On the one hand, it's annoying. On the other hand, it might actually get them to fix things to allow trikes through. Please send him http://www.standardsforhighways.co.uk/ha/standards/ians/pdfs/ian195.pdf and suggest he looks at the pictures and measurements on pages 12 and 13 - he really should be looking at the latest guidance, although I think tricycles were in the 2008 guidance too.


----------



## neil earley (30 Aug 2017)

mjr said:


> On the one hand, it's annoying.

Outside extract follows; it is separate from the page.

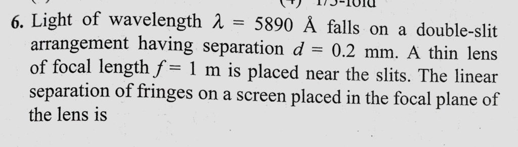 Light of wavelength lemda = 5890 A falls on a double-slit arrangement having separation d= 0.2 mm. A thin lens of focal length f = 1 m is placed near the slits. The linear Light of wavelength lemda = 5890 A falls on a double-slit arrangement having separation d= 0.2 mm. A thin lens of focal length f = 1 m is placed near the slits. The linear October 10, 2020 Category: Uncategorised (JEE Advanced Physics by BM Sharma + GMP Solutions) , Facebook Messenger WhatsApp Share this:TwitterFacebook Related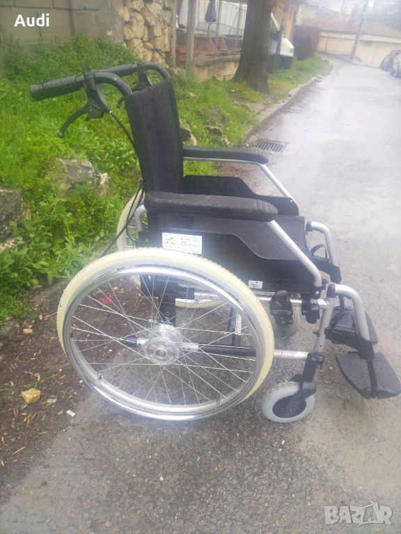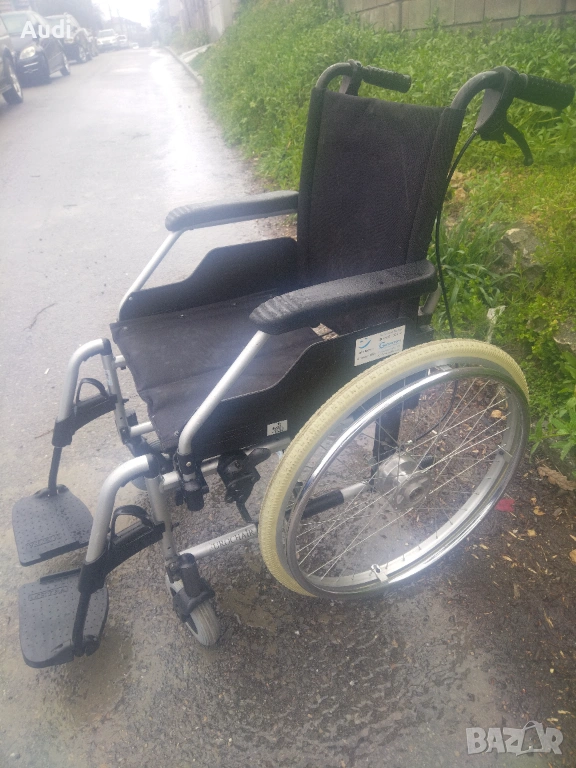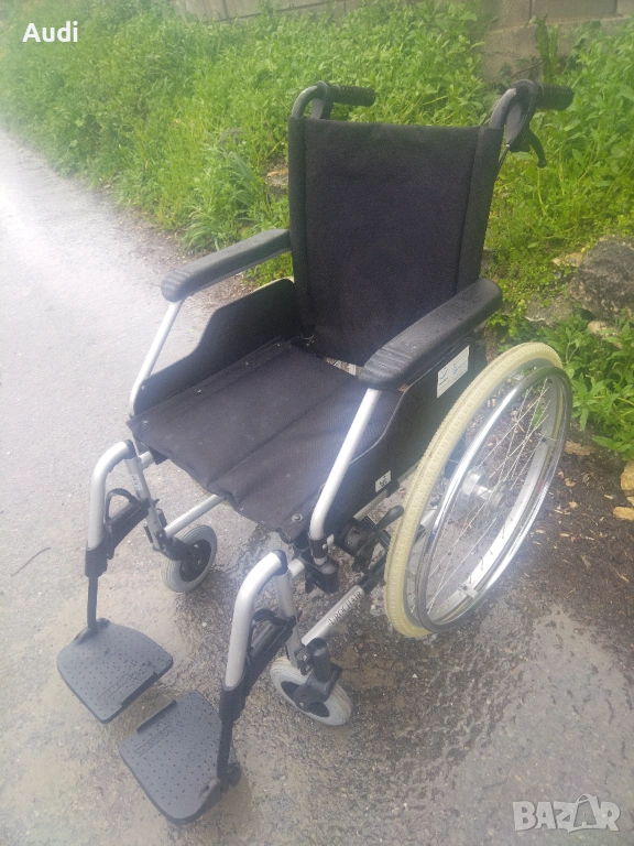 Сгъваема инвалидна рингова количка със степенки Марка: INVACARE Ширина на седалката 45см Дълбочина 4

On the other hand, it might actually get them to fix things to allow trikes through. Please send him http://www.standardsforhighways.co.uk/ha/standards/ians/pdfs/ian195.pdf and suggest he looks at the pictures and measurements on pages 12 and 13 - he really should be looking at the latest guidance, although I think tricycles were in the 2008 guidance too.


 Thank you for the pdf in his defense he was quite sympathetic and apologized for his lack of understanding of how hard these barriers are to negotiate on trikes,he is on the case so to speak and has asked me to make an appointment with him with dimensions of a few recumbent trikes, its nice when they respond positively .


----------



## mjr (30 Aug 2017)

neil earley said:


> Thank you for the pdf in his defense he was quite sympathetic and apologized for his lack of understanding of how hard these barriers are to negotiate on trikes,he is on the case so to speak and has asked me to make an appointment with him with dimensions of a few recumbent trikes, its nice when they respond positively .


Yes, but it's also pretty annoying that government officers can be so ignorant about disability access and not tell the difference between a regular tricycle and a disability one - probably he doesn't even know that things like wheelchair tricycles exist. Surely few professionals are so ignorant about how their work can disadvantage or even harm people with disabilities? It's a failure of training and oversight more than any one officer's fault IMO.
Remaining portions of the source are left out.